My thoughts were that the model should give two numbers. The low number being a minimum user count that matches the performance of the workload (steady state, logins, refreshes, etc) exactly as depicted in the guide, but at a different scale. Based on EMC performance gurus to scale from a NS120 to an NS960, in a conservative manner you can multiply by 3.333 (based on small block IO) for processing power differences. Five hundred users times 3.333 yields (rounding down to a easily number to remember) roughly 1500 users at a minimum scale point for the larger mid-range NS960. This is the basic logic, Excel was used to help with modeling which generated a higher minimum scale point of 2,000 user son the NS960. Doing this math allows to leverage the information about performance from the PSG and apply it to another array. Not a perfect science, but a conservative number for matching the guide with a different array model.
Now comes the tricky part..
Now that we have a minimum, let’s find the maximum. Something to keep in mind is that we want a solution that isn’t going to completely fall apart during special bursts of activity. We can’t run the array at 100% during steady state activity because any bursts would be infinite for response times (queue theory), this takes you down to somewhere around the 80% level. And best practices for an active-passive design is to allow for headroom in case all IO load is on one storage processor (some customers may differ here and opt for not planning for single SP scenarios), so this takes us down to around a 60% target (similar requirement for non-disruptive upgrade operations). You may be asking why 60%, shouldn’t it be below 50%? Some of the overhead on a SP is due to an active-passive configuration where CPU cycles are used because of the dual headed nature of the storage processors, ie replicating cache. With a single node online, this overhead requirement is reduced. As well there are CPU cycles for basic functionality in the SP that aren’t replicated running all load on one SP, ie. statistics gathering per object. Keep in mind, that with 60% as a target, if there is a single SP running, the array is in a degraded state and will have challenges CPU cycle needs for bursts. The maximum uses 60% as the target per SP, and would be approaching saturation in a single SP condition.
Ok, so we have a target percentage per SP..
The PSG shows that during steady state with 500 users each SP is pegged at 40%. However, the metric is most likely inflated since SP utilization numbers from NAR data aren’t always the most accurate (other methods available if accuracy is extremely critical). In comes another method of estimating utilization all based around a somewhat repeatable “model.” It is based on traffic being handled at different IO interfaces within the array and what this means for utilization as a whole. For example, if in practice a workload of 50,000 IO caused the array to go to 100% utilization, 40,000/50,000 would predict a 80% utilization in the array. The numbers calculation is a bit more complicated, taking into account read IO, write IO, read BW, write BW, RAID type, IO profile, snapshots, replication, and FASTCache.

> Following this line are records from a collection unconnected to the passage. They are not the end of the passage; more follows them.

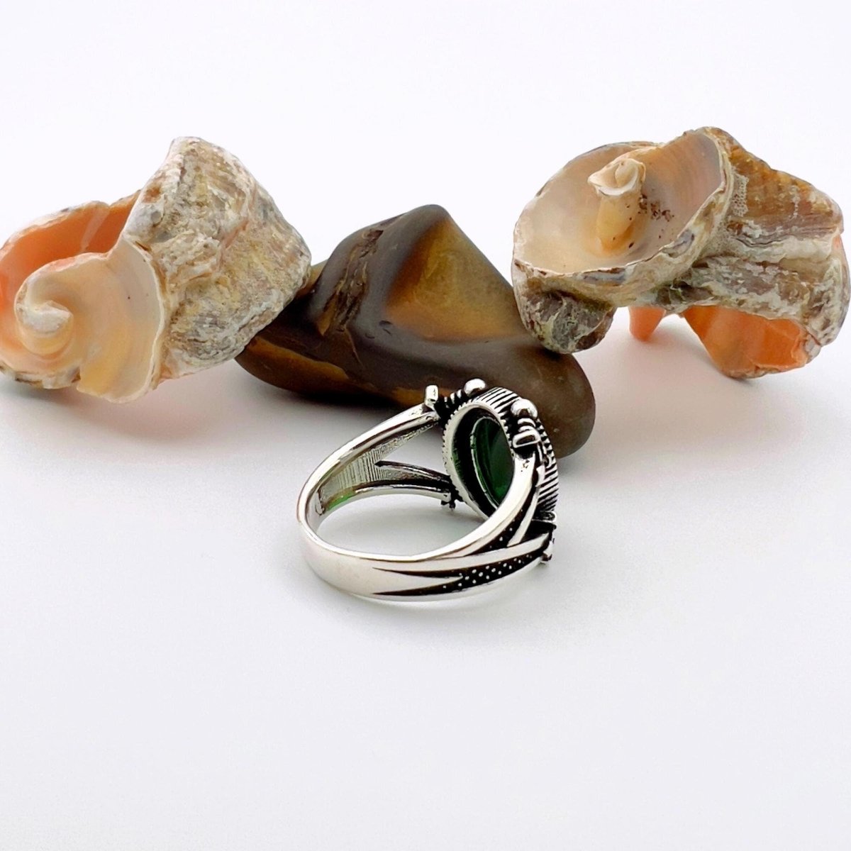 - Verfügt über einen lebhaften grünen Smaragdstein mit Schwert-Detaildesign.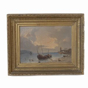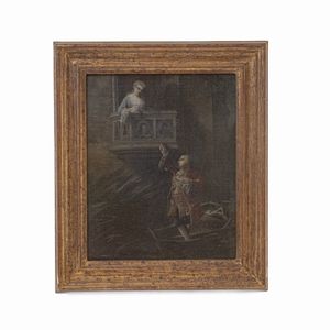 dipinto ad olio cartone, 15 x 10 cm entro cornice in stucco dorato a palmette coeva, firmato.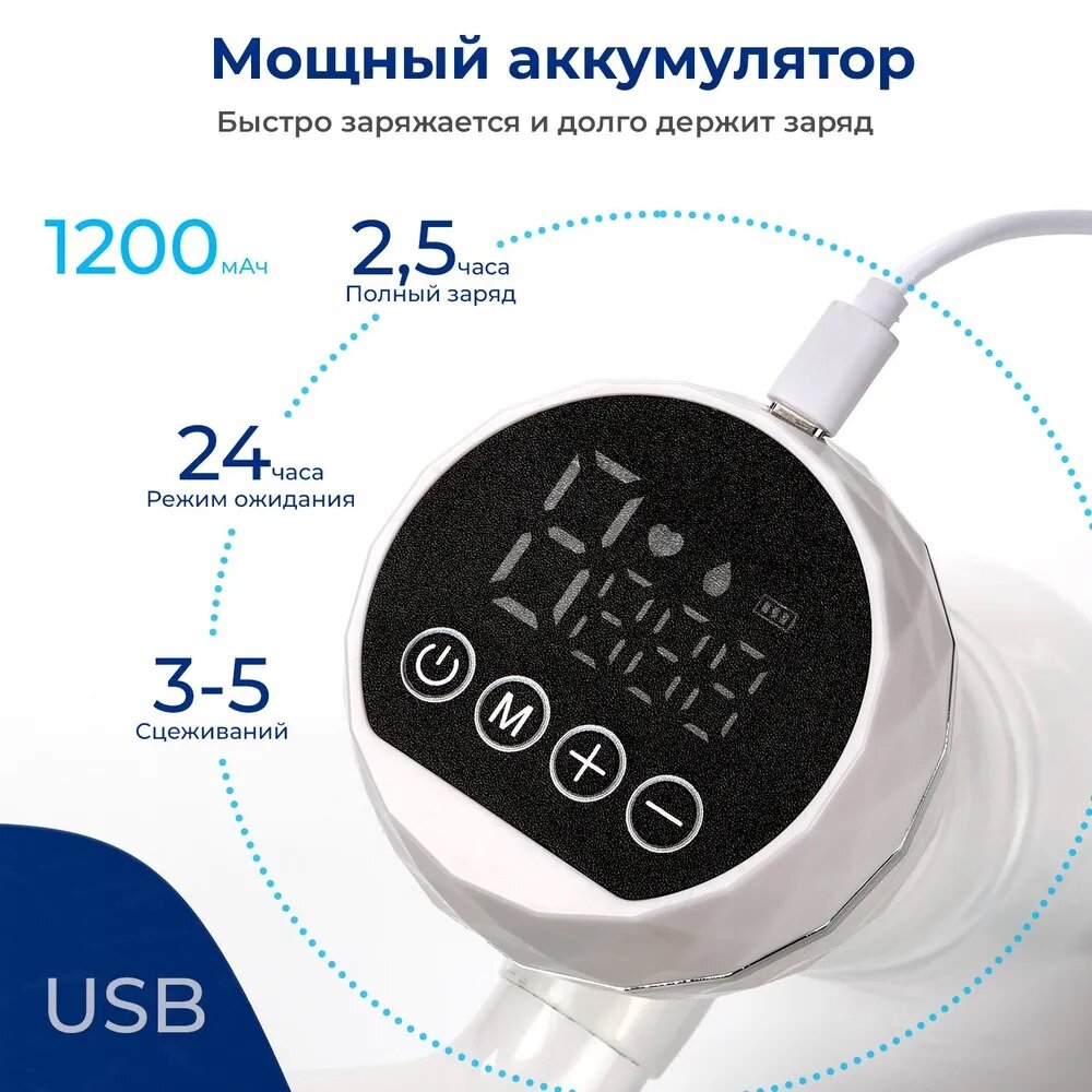 Молокоотсос электрический беспроводной CASTLELADY со встроенным аккумулятором бесшумный 3 режима работы информация:

So we have real life NAR based SP utilization shown in graphs in the PSG. And we have the IO profile that we can input into the model as described above to model storage processor utilization. The PDF goes on to reference that the delta between the two utilization numbers (Performance as a function of Utilization on a Clariion p15) is based how much coalescing is going on, cache hits, etc. This means we have a working model and NAR storage processor utilization (which is typically reported as higher than actual). However, it is skewed due to a lack of information relevant to metrics in the model. After entering the data into the model, as expected (due to factors not accounted for during steady state) it showed higher SP utilization than NAR did. What do you know, this actually was predicted (coalesced backend writes, multi-strip-element prefetch, short seek distance, under-utilized drives, large percentage of cache hits, write cache near or below lo-water—some of these reasons more likely than others for the steady state IO load with FASTCache to cause the delta). With all that being said, let’s simplify the model and essentially make the missing data a constant in our equation. We can do this by using a repeatable, predictable load—this being the steady state IO load. So we can accept that the model will only be applied to repeatable and predictable data and will eliminate our need to include other complicated information such as cache hit rate and other things listed above. We are then able to scale the model down linearly until the NS120 model met the NAR utilization for the NS120. Now we can start scaling up the IOs in the adjusted model until we reach our 60% target utilization on the NS960.
For example, at 40% utilization there is about 10% or so that isn’t directly tied to IO load. Meaning, to scale the solution by double, as an example and a rough estimate, take 10% overhead + 30% for 250 users + 30% for 250 users (per sp at NS120).
So what’s the outcome?
We can provide a conservative low number of users based on the PSG for any mid-range array model. And we can estimate a maximum best practices number based on a single head being able to handle steady state of VDI sessions. With these two numbers we get a ball park numbers for array scale points based on best practices and meeting performance SLAs in steady state with an option for customers to scale up users solely with an impact to SLAs during 95th percentile bursts.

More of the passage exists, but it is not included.